The Chancellor has won praise from the Right for his
innovative approach to pensions. This at first glance confirms him as a libertarian
and opens a wide divide between the Tories and Labour, which must be welcomed
as the arguments shift from managerial to ideological. Surely Labour can win in
a battle over fairness?
However, closer examination may lead to this analysis being
questionable. If a libertarian approach aims to remove the State from having
any role in people’s lives, his policy on annuities fails. It purports to
enable those retiring to have full control over their own pension pot, without
being told by the State what to do with it. Libertarian? Apparently.
But if we compare this to the Right’s reliance on markets’

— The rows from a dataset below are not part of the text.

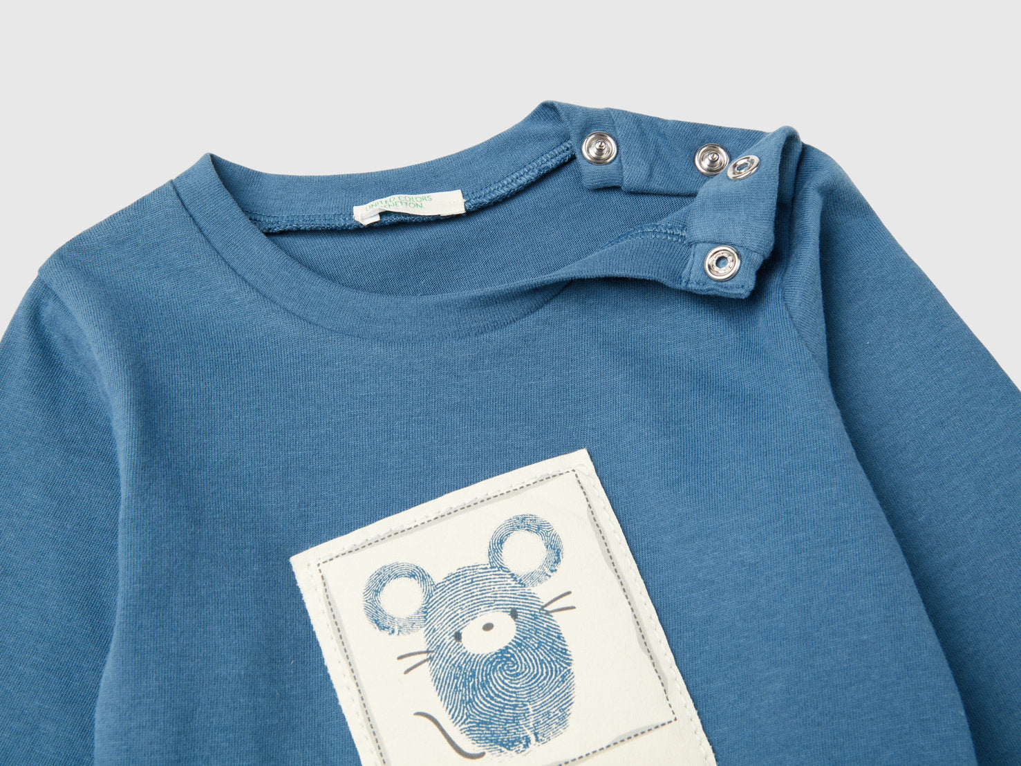 Long sleeve t-shirt in pure warm organic cotton. Round neck, opening with hidden snap buttons on the left shoulder. Print and animal patch on the front. Fun and easy to wear.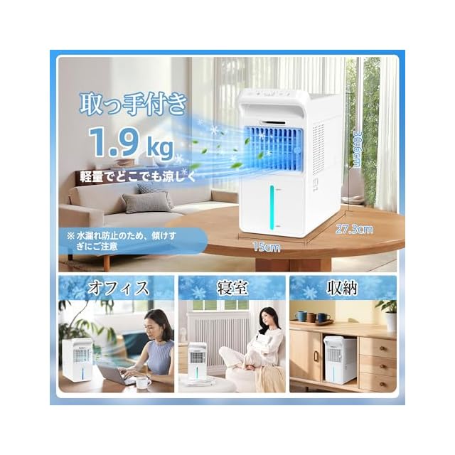 【省エネ33W&1.9kg軽量、小型でも頼れる涼しさ】暑さ対策はしたいけど、電気代や置き場所が気になる…そんな悩みに応えるのがBravebyの小型扇風機。消費電力はわずか33W、長時間使っても家計にやさしい省エネ設計。さらに、1.9kgの軽量ボディ&上部ハンドル付きで、設置や持ち運びもスムーズ。使わない時はちょっとした隙間にも収納できるスリム設計。 ※安定した平面でご使用ください。使用中の移動や水タンクを持ち上げると水漏れの原因となります。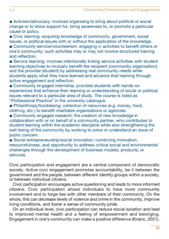 %u25aa Activism/advocacy: involves organising to bring about political or socialchange or to show support for, bring awareness to, or promote a particularcause or policy.%u25aa Civic learning: acquiring knowledge of community, government, socialissues, or political issues with or without the application of the knowledge.%u25aa Community service/volunteerism: engaging in activities to benefit others orone%u2019s community; such activities may or may not involve structured trainingand reflection.%u25aa Service learning: involves intentionally linking service activities with studentlearning objectives to mutually benefit the recipient (community organisation)and the provider (student) by addressing real community needs whilestudents apply what they have learned and advance that learning throughactive engagement and reflection.%u25aa Community engaged internship: provides students with hands-onexperiences that enhance their learning or understanding of social or politicalissues relevant to a particular area of study. The course is listed as%u201cProfessional Practice%u201d in the university catalogue.%u25aa Philanthropy/fundraising: collection of resources (e.g. money, food,clothing, etc.) to benefit charitable organisations or agencies.%u25aa Community engaged research: the creation of new knowledge incollaboration with or on behalf of a community partner, who contributes tostudent learning within the academic discipline while also strengthening thewell-being of the community by working to solve or understand an issue ofpublic concern.%u25aa Social entrepreneurship/social innovation: combining innovation,resourcefulness, and opportunity to address critical social and environmentalchallenges through the development of business models, products, orservices.Civic participation and engagement are a central component of democraticsociety. Active civic engagement promotes accountability, be it between thegovernment and the people, between different identity groups within a society,or between individual citizens.Civic participation encourages active questioning and leads to more informedcitizens. Civic participation allows individuals to have more communityinvolvement and to forge ties with other members of their community. On thewhole, this can decrease levels of violence and crime in the community, improveliving conditions, and foster a sense of community pride.On an individual level, civic participation can reduce social isolation and leadto improved mental health and a feeling of empowerment and belonging.Engagement in one%u2019s community can make a positive difference (Krainc, 2021).451.3 Citizenship Participation and Engagement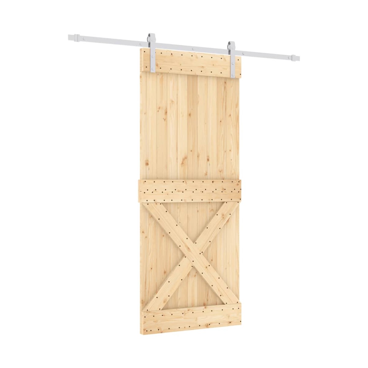 Esta puerta corredera de madera maciza de pino está diseñada para embellecer la zona de entrada de la casa y también para garantizar una mayor seguridad para el hogar. Madera maciza de pino: La puerta interior es de madera maciza de pino. La madera maciza de pino es un bonito material natural. La madera de pino tiene vetas rectas, y los nudos dan al material su distintivo aspecto rústico.Rieles deslizantes resistentes: El acero es un material muy duro y resistente, que ofrece solidez y estabilidad. El recubrimiento en polvo del acero crea una capa protectora contra el desgaste. Hechos de acero con recubrimiento de polvo, los rieles deslizantes son robustos, duraderos y resistentes.Deslizamiento suave y silencioso: Gracias a los rodamientos internos, la puerta corredera interior se deslizará de forma suave y silenciosa. También se incluyen topes de puerta para evitar el descarrilamiento de los rodillos, mientras que las juntas de goma amortiguarán el golpe de los rodillos y reducirán el ruido.Diseño que ahorra espacio: Esta puerta corredera de madera ahorra espacio y parece más amplia. Es la primera opción para un diseño de hogar moderno, sencillo y con un bonito ambiente.Amplio uso: La puerta corredera de granero se puede instalar tanto en paredes de madera como en paredes de hormigón. Es ideal para usar en el dormitorio, la cocina, el granero, el garaje, etc.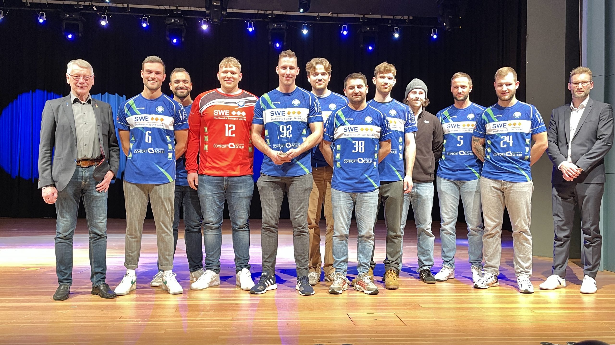 Beim Wettbewerb „Mannschaft des Jahres 2023“, welcher jedes Jahr vom Kultur- und Sportamt der Stadt Ettlingen ausgelobt wird, konnte sich unsere 1. Herrenmannschaft durchsetzen und den 1. Platz belegen. Der souveräne Aufstieg aus der Verbandsliga in die Badenliga beeindruckte die Wähler und sorgte für einen deutlichen Vorsprung gegenüber den ebenfalls nominierten Teams der Bogenschützen und Kegler. Die HSG konnte von ca. 1000 abgegeben Stimmen ca. 48% auf sich vereinen und lag damit deutlich vorne.

self-control, it can be shown how, when this fails to be the case, as it often
does, it is the State which has to step in to bail out failures, again and
again: the banks being a case in point. So when (not if) people fail to foster their
assets effectively for their retirement, where will their needs be met? By the
State, of course.
The fallacy of the Right is that its ideology sounds
attractive – let everyone hold onto their own money as far as possible - but that
this has been shown not only to be a recipe for failure but to place greater
reliance on the State than it would claim. It also favours the ruthless over
the fair and is likely to lead to the most unequal society, as we have now. How Labour can support this flawed policy is perplexing and should be challenged.